----- DATA EXTRACT -----

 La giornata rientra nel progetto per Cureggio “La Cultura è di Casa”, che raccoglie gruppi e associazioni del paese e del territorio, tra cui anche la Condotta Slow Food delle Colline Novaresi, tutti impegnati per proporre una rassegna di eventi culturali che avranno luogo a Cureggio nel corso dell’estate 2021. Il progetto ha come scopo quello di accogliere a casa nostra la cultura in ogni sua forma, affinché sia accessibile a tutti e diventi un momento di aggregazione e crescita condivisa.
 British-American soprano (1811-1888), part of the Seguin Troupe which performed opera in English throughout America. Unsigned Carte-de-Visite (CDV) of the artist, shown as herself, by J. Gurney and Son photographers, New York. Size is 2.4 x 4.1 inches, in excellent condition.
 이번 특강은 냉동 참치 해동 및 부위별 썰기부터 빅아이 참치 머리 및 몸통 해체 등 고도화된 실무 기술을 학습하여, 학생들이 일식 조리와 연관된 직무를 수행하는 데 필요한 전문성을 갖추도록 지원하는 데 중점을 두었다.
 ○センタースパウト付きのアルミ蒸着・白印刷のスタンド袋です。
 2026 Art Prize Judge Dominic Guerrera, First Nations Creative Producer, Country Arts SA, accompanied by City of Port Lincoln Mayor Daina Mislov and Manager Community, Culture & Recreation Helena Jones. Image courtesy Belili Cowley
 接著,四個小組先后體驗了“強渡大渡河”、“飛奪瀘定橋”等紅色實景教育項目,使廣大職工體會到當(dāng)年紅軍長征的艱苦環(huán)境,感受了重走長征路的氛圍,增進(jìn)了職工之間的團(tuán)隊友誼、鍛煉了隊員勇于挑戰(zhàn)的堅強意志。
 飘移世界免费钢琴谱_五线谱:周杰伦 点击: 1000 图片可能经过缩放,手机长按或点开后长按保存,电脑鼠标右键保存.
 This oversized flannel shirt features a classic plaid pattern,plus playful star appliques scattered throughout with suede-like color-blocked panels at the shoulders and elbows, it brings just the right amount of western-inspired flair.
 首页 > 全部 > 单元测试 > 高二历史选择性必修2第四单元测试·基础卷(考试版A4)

-----

With nothing omitted, set down all of the records again.

* SOLUTION TO THIS EXERCISE
 La giornata rientra nel progetto per Cureggio “La Cultura è di Casa”, che raccoglie gruppi e associazioni del paese e del territorio, tra cui anche la Condotta Slow Food delle Colline Novaresi, tutti impegnati per proporre una rassegna di eventi culturali che avranno luogo a Cureggio nel corso dell’estate 2021. Il progetto ha come scopo quello di accogliere a casa nostra la cultura in ogni sua forma, affinché sia accessibile a tutti e diventi un momento di aggregazione e crescita condivisa.
 British-American soprano (1811-1888), part of the Seguin Troupe which performed opera in English throughout America. Unsigned Carte-de-Visite (CDV) of the artist, shown as herself, by J. Gurney and Son photographers, New York. Size is 2.4 x 4.1 inches, in excellent condition.
 이번 특강은 냉동 참치 해동 및 부위별 썰기부터 빅아이 참치 머리 및 몸통 해체 등 고도화된 실무 기술을 학습하여, 학생들이 일식 조리와 연관된 직무를 수행하는 데 필요한 전문성을 갖추도록 지원하는 데 중점을 두었다.
 ○センタースパウト付きのアルミ蒸着・白印刷のスタンド袋です。
 2026 Art Prize Judge Dominic Guerrera, First Nations Creative Producer, Country Arts SA, accompanied by City of Port Lincoln Mayor Daina Mislov and Manager Community, Culture & Recreation Helena Jones. Image courtesy Belili Cowley
 接著,四個小組先后體驗了“強渡大渡河”、“飛奪瀘定橋”等紅色實景教育項目,使廣大職工體會到當(dāng)年紅軍長征的艱苦環(huán)境,感受了重走長征路的氛圍,增進(jìn)了職工之間的團(tuán)隊友誼、鍛煉了隊員勇于挑戰(zhàn)的堅強意志。
 飘移世界免费钢琴谱_五线谱:周杰伦 点击: 1000 图片可能经过缩放,手机长按或点开后长按保存,电脑鼠标右键保存.
 This oversized flannel shirt features a classic plaid pattern,plus playful star appliques scattered throughout with suede-like color-blocked panels at the shoulders and elbows, it brings just the right amount of western-inspired flair.
 首页 > 全部 > 单元测试 > 高二历史选择性必修2第四单元测试·基础卷(考试版A4)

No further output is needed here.